I often asked myself why are they doing this then. The answer came one night, in the middle of the war. I was ready to quit, angry about the ignorance of the world toward the suffering of my city. The idea I started with crashed. The outside world did know what was happening; we told it, but it did not do anything about it. All the reports we were sending seemed to me like screaming into deaf people’s ears — they produced nothing. So there was no point for me to continue.

I was all in tears when I was explaining this to one of my colleagues, who had left the safety of his life in Paris to come here and sit with me in this stupid, pointless misery. He was listening carefully and then said after a while: "So you were up to changing the world, and it didn’t work. Now you are disappointed. You think it is not worth risking your life for nothing. Your goal was set too high," he said.

He explained to me that after World War II, many Germans were asked where they were when their Jewish neighbors were taken away in the middle of the night and where they were taken and what happened to them.

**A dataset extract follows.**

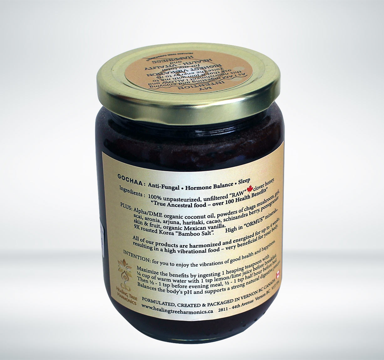 PLUS: Alpha/DME organic coconut oil, powders of chaga mushroom, goji, acai, aronia, arjuna, haritaki, cocoa, schizandra berry, pomegranate skin & fruit, organic Mexican vanilla.
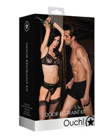 Easily attach to any door to enjoy some bondage fun. Just place the 2 acrylic tubes over the top of any open door, place the other 2 under the bottom, close (and lock for safety) the door. Bind your partner and enjoy. Comes with 4 adjustable tethers, 2 velvet wrist and 2 ankle cuffs, 4 acrylic door jam tubes and a satin eye mask.

The most common answer was: "I didn’t know." The lack of information gives them some kind of amnesty, an excuse, since it opens the door for the possibility that, would they have known, they would have done something about it. But they didn’t, so they are okay.

"See, I have chosen to come here to report about what is happening in Sarajevo. To provide the information. To make sure it’s on TV, it’s on the radio, it’s in the papers. To make sure people can’t avoid the information," this colleague told me. "Not because I think it will change something right away but simply to make the information available. So one day when this is all over one way or the other, nobody can use that argument. Nobody can say: ‘I did not know.’"

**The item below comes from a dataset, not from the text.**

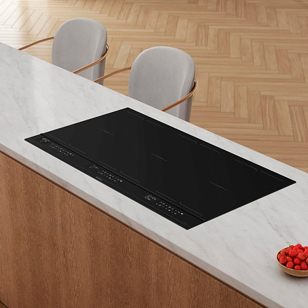 Устройство имеет 6 индукционных конфорок, подходящих для посуды различных форм и размеров. Функция определения посуды автоматически адаптирует размер зоны нагрева под соответствующую посуду, тем самым экономя время и снижая расход энергии.

That night I realized how simple, realistic and noble his motive was for exposing himself voluntarily to danger. Oh, man, it was worth dying for. He will not change the world himself and might not even see a change in his lifetime. But step by step, one by one, journalists slowly widen the consciousness of humanity. It’s a profession that does offer the possibility to play a small role in the overall understanding that the world is made of people who deserve our attention and action although they live on another continent. People do care about other people — they just have to know about them. Some people devote their life to being that connection between people, being that channel. This motivation makes journalists then also be courageous as a byproduct. You don’t go into a war zone to report because you are a courageous person. You go because you believe in what you do so much that you get over the feeling of fear in order to achieve your goal.

The journalists who get their courage from the third source — ideals — those are the ones I envy.

Aida Cerkez-Robinson has worked for The Associated Press in Sarajevo, Bosnia-Herzegovina since 1992. She started as a fixer and translator, then became a reporter, and by the end of Bosnia’s war she was AP’s bureau chief, a position she holds today.